Тот подходит, под расстегнутой десантной курткой замечаю орден Красной Звезды. Среди партизан редко встретишь с орденом: награждены многие, да награды за фронтом. Видно, что давние друзья эти двое, разные по внешности, люди. Яков Бонк — так он назвал себя — улыбается словам Розенштейна. Он выше, стройнее, лицо круглое, отчего он кажется моложе своего друга, но в его темных курчавых волосах такое же обилие седых волос.
— Вместо того, чтобы помочь мне, — продолжает Розенштейн, — он только сочувствует и делает прогнозы на будущее. Смотрите, на какой бумаге печатаем! — Он хватает свежую газету в подает мне.
— Оберточная, — с участием говорю я, но тут же стараюсь его успокоить: — шрифт хороший, читается легко!
— То так, — произносит он. — Добавьте еще, что грамотно напечатано, Ядвига Жизневская опытная наборщица.

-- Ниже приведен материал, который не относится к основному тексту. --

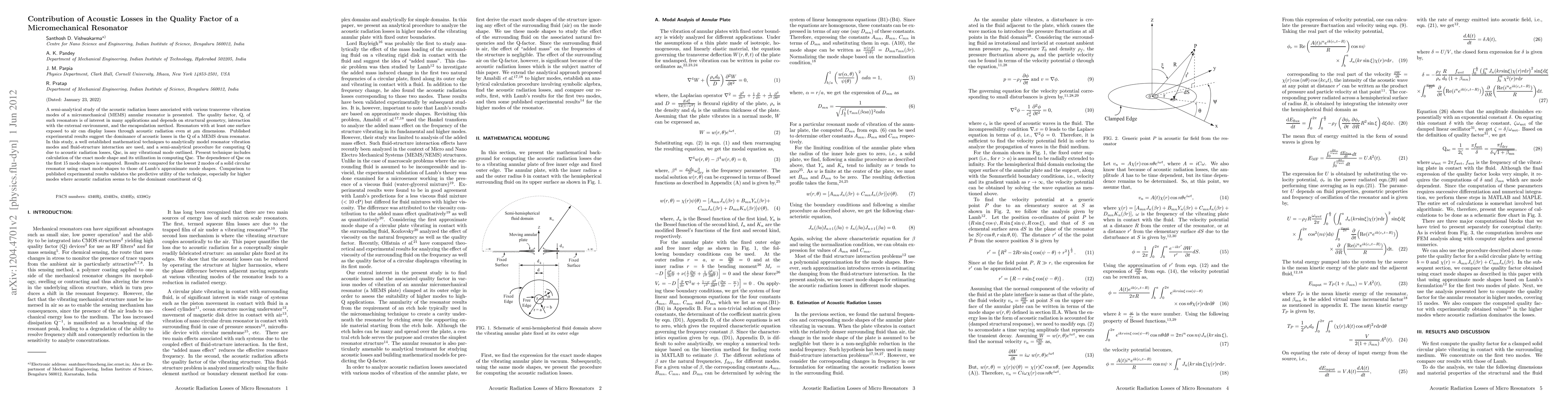 A semi-analytical study of the acoustic radiation losses associated with various transverse vibration modes of a micromechanical (MEMS) annular resonator is presented. The quality factor, Q, of such resonators is of interest in many applications and depends on structural geometry, interaction with the external environment, and the encapsulation method. Resonators with at least one surface exposed to air can display losses through acoustic radiation even at micro meter dimensions. Published experimental results suggest the dominance of acoustic losses in the Q of a MEMS drum resonator. In this study, a well established mathematical techniques to analytically model resonator vibration modes and fluid-structure interaction are used, and a semi-analytical procedure for computing Q due to acoustic radiation losses, Qac, in any vibrational mode outlined. Present technique includes calculation of the exact mode shape and its utilization in computing Qac. The dependence of Qac on the first 15 mode shapes is computed. Results are compared for the lowest 2 modes of a solid circular resonator using exact mode shapes to those of Lamb's approximate mode shapes. Comparison to published experimental results validates the predictive utility of the technique, especially for higher modes where acoustic radiation seems to be the dominant constituent of Q.
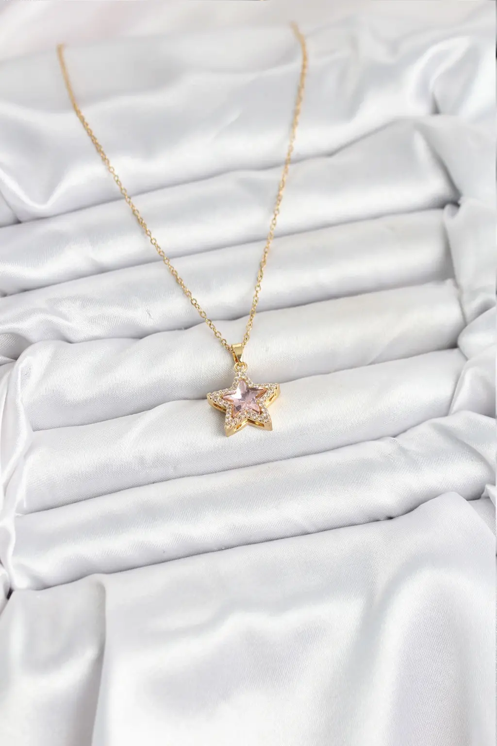 Gleam marka 316L çelik zincir pembe taşlı yıldız model kadın kolye, cesur ve şık kadınların tercihi.
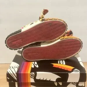 Vibrant mules with a playful pattern. Features a mix of colors and bold design. Comfortable and stylish.
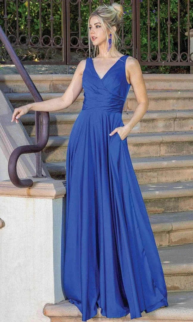 Be dazzled with the sleek beauty of this Dancing Queen 4262 creation. Ornamented with wide pleats that crafts into a faux wrap bodice, this piece reveals a v-neckline with tapering shoulder straps. Intricately cinched with a corset styled back, the gleaming skirt cascades to touch the floor with a sweeping denouement. Embrace the fascinating style of this gorgeously sleek Dancing Queen masterpiece. Models are wearing the Burgundy, Copper, Dusty Blue, Hunter Green, Navy, Plum and Royal Blue colors.
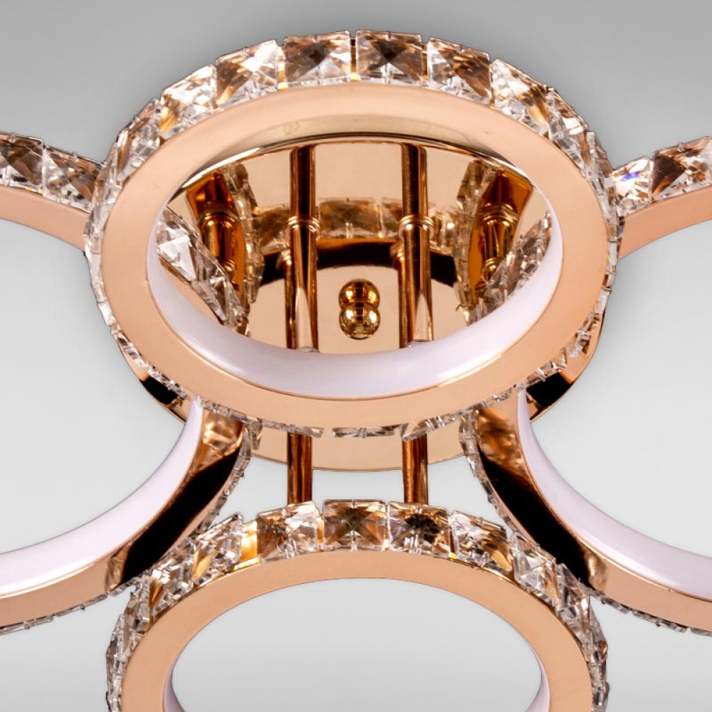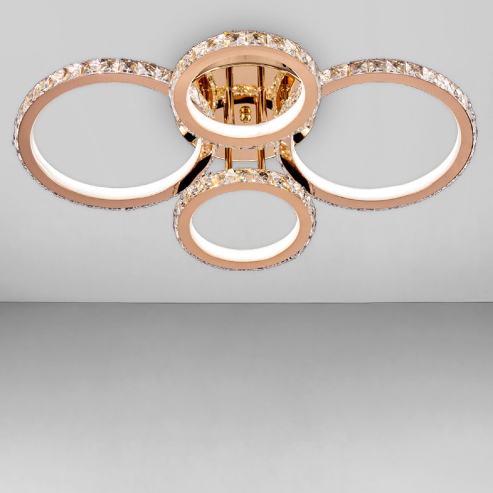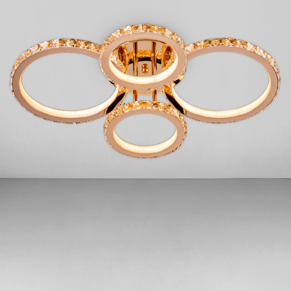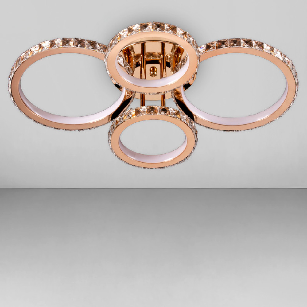 Перед Вами результат поєднання найкращих практик у сучасному освітленні. Світлодіодна люстра має 4 джерела світла з кришталевими елементами, каркас металевий золотого кольору, димер і пульт управління.

Кроме типографской работы Розенштейн еще занят и переводом на польский язык листовок, которые печатаются здесь же. С утра до ночи много разных дел, он и спит здесь. Он и Яков Бонк в прошлом были членами Компартии Западной Белоруссии, находились в заключении в одной тюрьме, Бонк во второй раз заброшен в тыл немцев, сейчас тоже по спецзаданию, для выполнения которого ждет со дня на день своего напарника из-за фронта. А пока он при обкоме и часто приходит к своему другу в типографию. Оба одиноки, их семьи и все родственники убиты в гетто — в Гродно и Слониме, жить, оставаться нормальным человеком каждому из них помогает работа, ненасытное стремление быть занятым нужным делом — в память о тех, кого нет, из чувства долга перед ними. Тогда понимаешь, что связь не исчезает, они рядом, ты продлеваешь их жизнь. Иначе — одиночество...
На построении отряда читают сводку Совинформбюро. Войска Ленинградского, Волховского, Второго Прибалтийского фронтов и Балтийский флот разгромили группу «Север», полностью освободили Ленинград от вражеской блокады, гонят немцев на запад и уже вступили на территорию Эстонии. В отряде радостное возбуждение, все обсуждают услышанное.
В пущу стали прилетать наши самолеты. Садиться им еще негде и они сбрасывают груз в условленных местах, на специально разложенные костры. Еду в соединение Шупени, в штабе сказали, что там сбросили мешки с перевязочным материалом и медикаментами.
— Не теряйтесь! — говорит мне комиссар отряда, — если надо, то обратитесь к самому Степану Петровичу.
Дорогу объяснили, можно ехать. Безмолвие леса не успокаивает, а, наоборот, настораживает. Но это только при выезде, а потом ощущение опасности притупляется, забываю о возможной встрече с немцами или полицаями, и уже думаю о том, что с пустыми руками мне возвращаться нельзя, осталось несколько индивидуальных пакетов и кое-что из медикаментов.
— Вы уже не первый, — говорит врач соединения, выслушав меня и косясь на пустой рюкзак. — Львиную долю всего, — он показывает на несколько ящиков и брезентовых, туго набитых мешков, нагроможденных в углу землянки, — приказано завтра же отправить в госпиталь.
— И нам тоже должны сбросить груз, уже нечем ни лечить, ни перевязывать, — говорю я, надеясь на сочувствие.